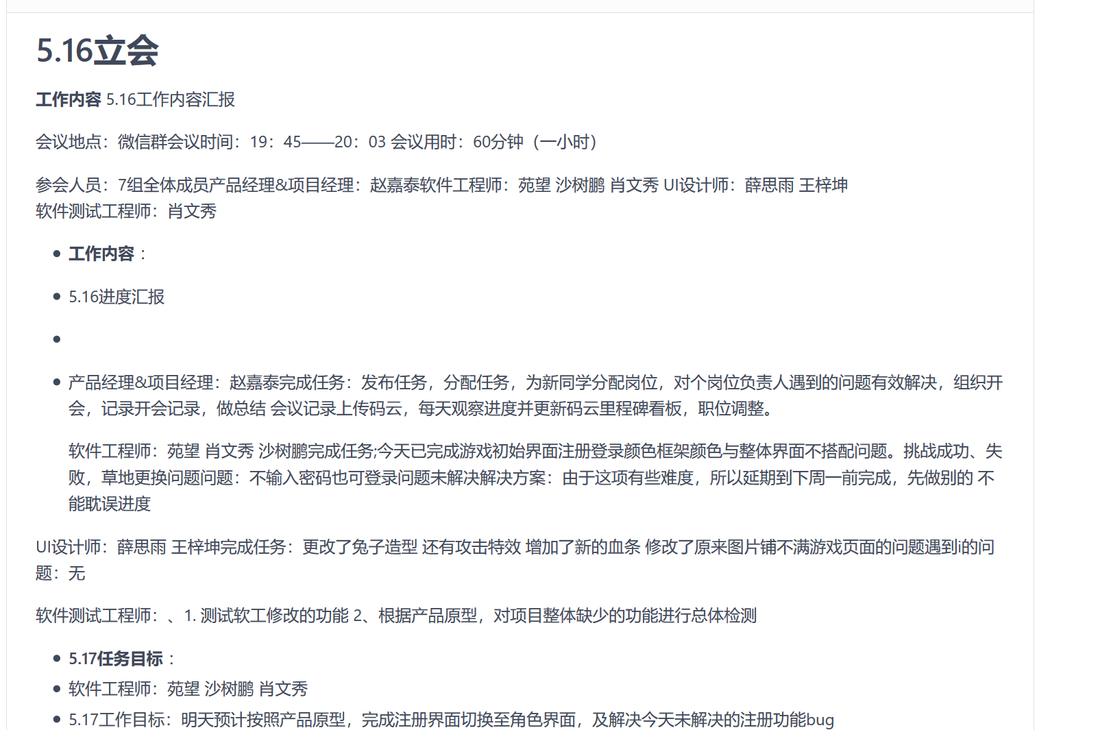 每日立会 测试记录 代码上传 几乎每天都有上传 详细的任务 和完成情况 每日立会描述的比较清晰
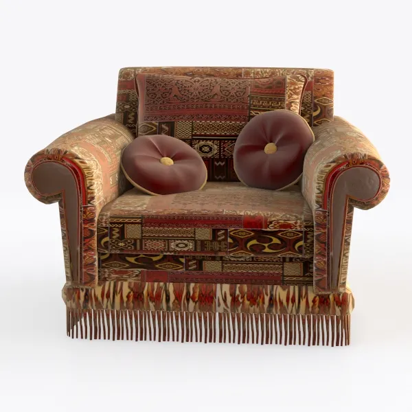 This armchair draws inspiration from traditional craftsmanship and cultural motifs, seamlessly blending artistry with functionality. Covered in a rich, patterned fabric, it evokes a warm, inviting atmosphere, perfect for cozy gatherings. The texture offers a delightful touch—a soft, plush feel that invites you to sink in and unwind.
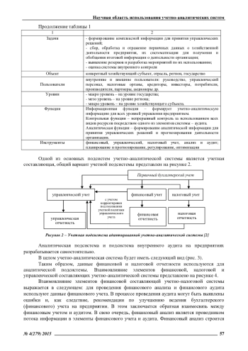 В современных условиях развитие и взаимодействие бухгалтерского и налогового учета требует системности в процессе сбора, накопления и обобщения учетно-аналитических данных. В связи с этим, наиболее актуальным является формирование информационной учетно-аналитической системы, которая охватывает и финансовый, и налоговый, и управленческий учет вместе с их функциональными подсистемами
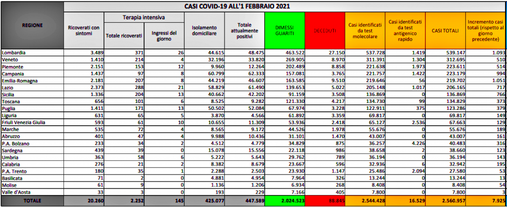 Le persone ricoverate in terapia intensiva in Italia sono 2.252, quindi 37 in più rispetto a ieri, nel saldo tra ingressi e uscite; gli ingressi giornalieri sono 145. I ricoverati con sintomi sono invece 20.260, quindi 164 in più di ieri. Il totale delle vittime da inizio pandemia è di 88.845. I guariti sono in totale 2.024.523 (+13.975 da ieri). Gli attualmente positivi, invece, 447.589. Il tasso di positività al virus è risultato oggi pari al 5,6% rispetto al 5,27% di ieri. Le regioni che comunicano il maggior numero di test positivi al coronavirus nelle 24 ore sono Lombardia 1.093, Emilia Romagna 1.051, Campania 994, secondo i dati del ministero della Salute. Otto regioni continuano a non comunicare il dettaglio dei test antigenici rapidi positivi. Si tratta di Sicilia, Liguria, Marche, Abruzzo, Umbria, Basilicata, Molise e Valle d’Aosta.
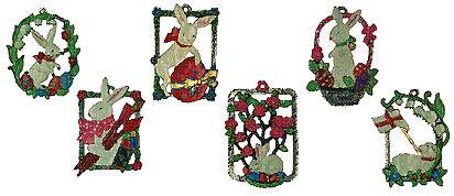 Sortiment "Osterhasen & Lamm" Zinnfiguren doppelseitig (Inhalt: 18 Stück, je 3 Stück pro Motiv)
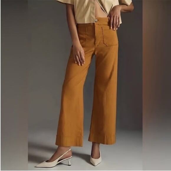 Anthropologie Maeve The Colette Crop Wide-Leg Pants Size 26 Ochre Mustard
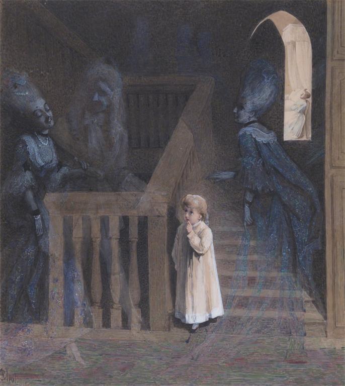 Adelaide Claxton (c.1840-c.1900) The party on the stairs Signed Watercolour with bodycolour...
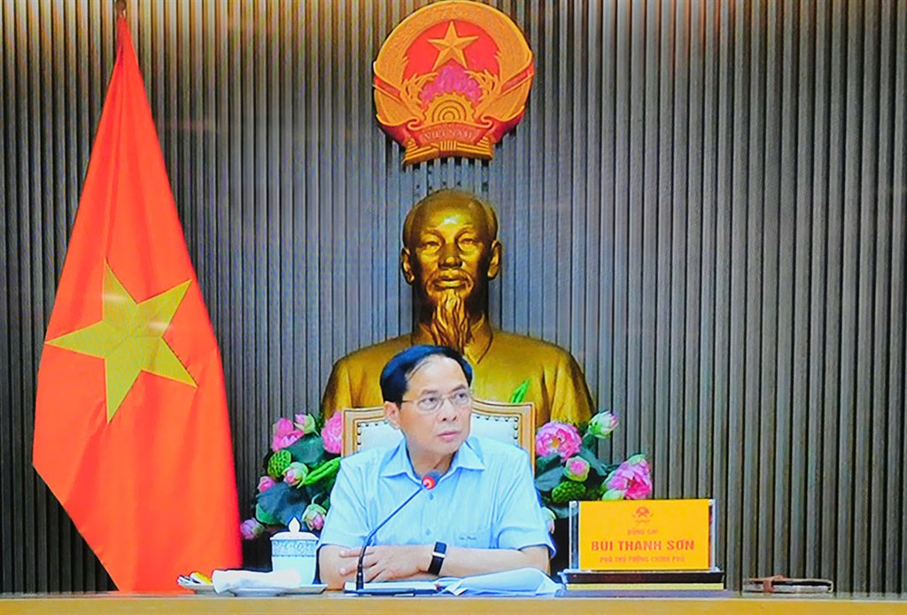 ឧបនាយករដ្ឋមន្ត្រី Bui Thanh Son ថ្លែងមតិក្នុងកិច្ចប្រជុំ។
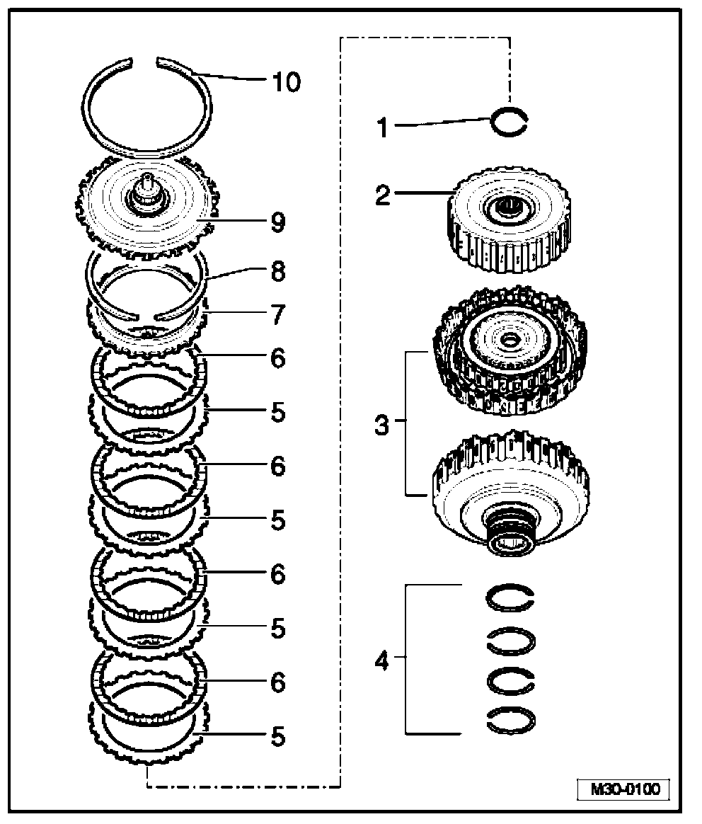 In the event the securing ring was removed in order to insert clutch discs again, it must be replaced with a new ring of the same thickness.
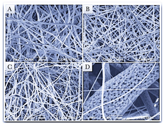 Scanning Electron Micrographs (SEM) of the electrospun membranes (A) Electrospun PLGA loaded with tea tree essential oil, (B) Electrospun PLGA loaded with furanone, (C) Electrospun pure PLGA. (D) Porous surface of the electrospun fibers.
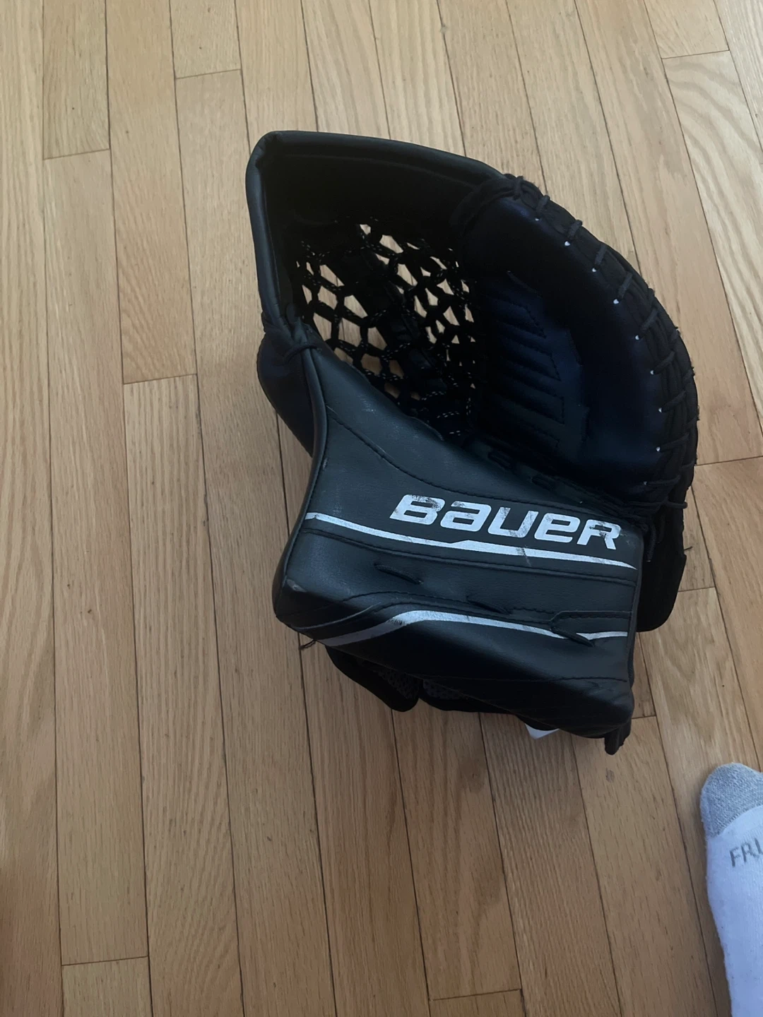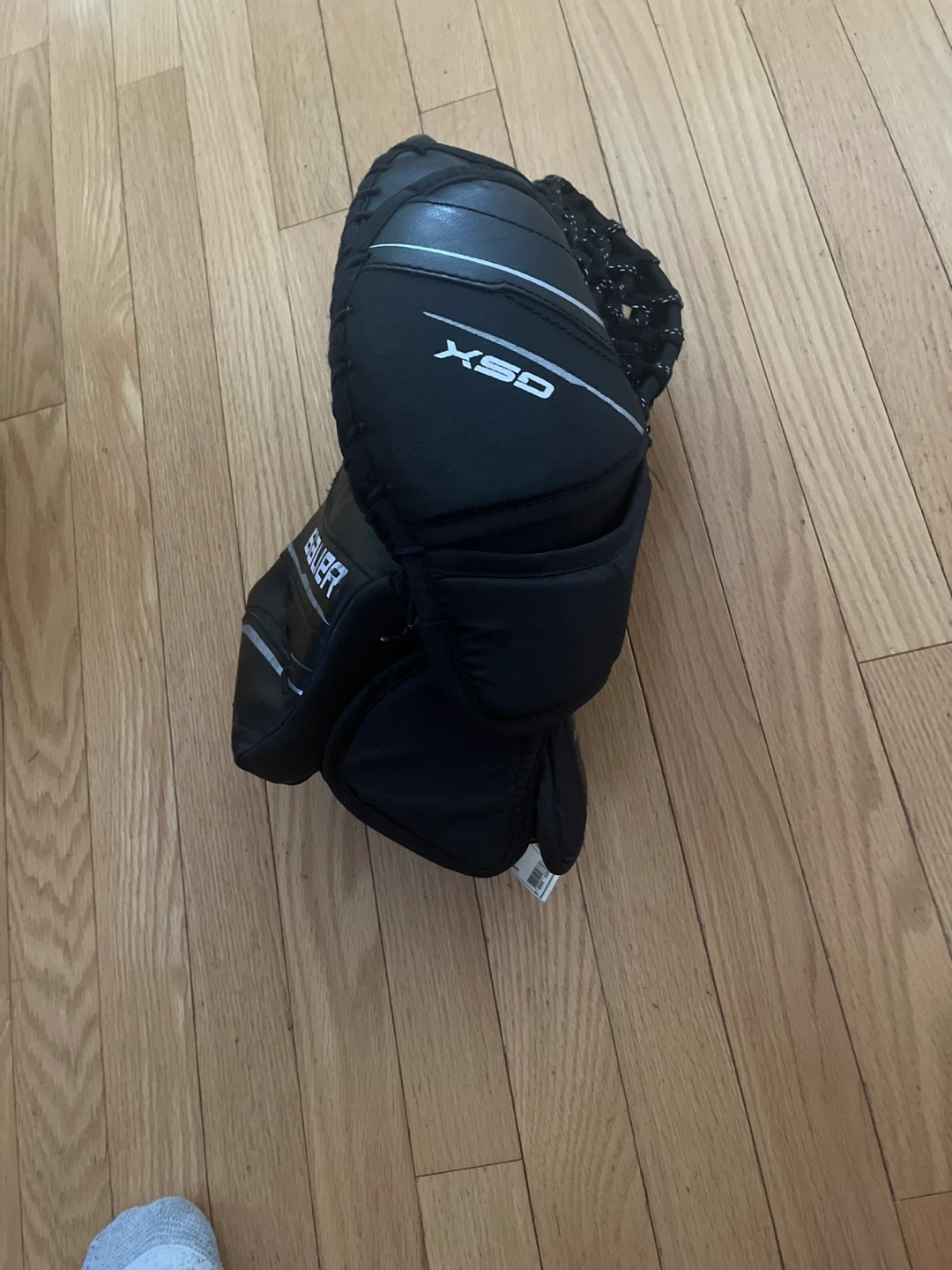 This is a Bauer XSD hockey goalie glove. It's black and designed for goaltending. This glove is useful for goalies playing hockey it is size intermediate and is used on your left hand.
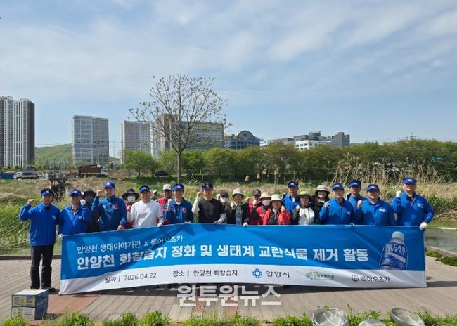 (원투원뉴스) 안양시는 ‘지구의 날’인 22일 동아오츠카와 함께 석수동 일대 안양천의 화창습지에서 환경 정화 활동을 펼쳤다고 23일 밝혔다.

- - - -

An exact copy of every record above is required, with all pictures omitted.

 每日立会 测试记录 代码上传 几乎每天都有上传 详细的任务 和完成情况 每日立会描述的比较清晰
 This armchair draws inspiration from traditional craftsmanship and cultural motifs, seamlessly blending artistry with functionality. Covered in a rich, patterned fabric, it evokes a warm, inviting atmosphere, perfect for cozy gatherings. The texture offers a delightful touch—a soft, plush feel that invites you to sink in and unwind.
 В современных условиях развитие и взаимодействие бухгалтерского и налогового учета требует системности в процессе сбора, накопления и обобщения учетно-аналитических данных. В связи с этим, наиболее актуальным является формирование информационной учетно-аналитической системы, которая охватывает и финансовый, и налоговый, и управленческий учет вместе с их функциональными подсистемами
 Le persone ricoverate in terapia intensiva in Italia sono 2.252, quindi 37 in più rispetto a ieri, nel saldo tra ingressi e uscite; gli ingressi giornalieri sono 145. I ricoverati con sintomi sono invece 20.260, quindi 164 in più di ieri. Il totale delle vittime da inizio pandemia è di 88.845. I guariti sono in totale 2.024.523 (+13.975 da ieri). Gli attualmente positivi, invece, 447.589. Il tasso di positività al virus è risultato oggi pari al 5,6% rispetto al 5,27% di ieri. Le regioni che comunicano il maggior numero di test positivi al coronavirus nelle 24 ore sono Lombardia 1.093, Emilia Romagna 1.051, Campania 994, secondo i dati del ministero della Salute. Otto regioni continuano a non comunicare il dettaglio dei test antigenici rapidi positivi. Si tratta di Sicilia, Liguria, Marche, Abruzzo, Umbria, Basilicata, Molise e Valle d’Aosta.
 Sortiment "Osterhasen & Lamm" Zinnfiguren doppelseitig (Inhalt: 18 Stück, je 3 Stück pro Motiv)
 Anthropologie Maeve The Colette Crop Wide-Leg Pants Size 26 Ochre Mustard
 Adelaide Claxton (c.1840-c.1900) The party on the stairs Signed Watercolour with bodycolour...
 ឧបនាយករដ្ឋមន្ត្រី Bui Thanh Son ថ្លែងមតិក្នុងកិច្ចប្រជុំ។
 In the event the securing ring was removed in order to insert clutch discs again, it must be replaced with a new ring of the same thickness.
 Scanning Electron Micrographs (SEM) of the electrospun membranes (A) Electrospun PLGA loaded with tea tree essential oil, (B) Electrospun PLGA loaded with furanone, (C) Electrospun pure PLGA. (D) Porous surface of the electrospun fibers.
 This is a Bauer XSD hockey goalie glove. It's black and designed for goaltending. This glove is useful for goalies playing hockey it is size intermediate and is used on your left hand.
 (원투원뉴스) 안양시는 ‘지구의 날’인 22일 동아오츠카와 함께 석수동 일대 안양천의 화창습지에서 환경 정화 활동을 펼쳤다고 23일 밝혔다.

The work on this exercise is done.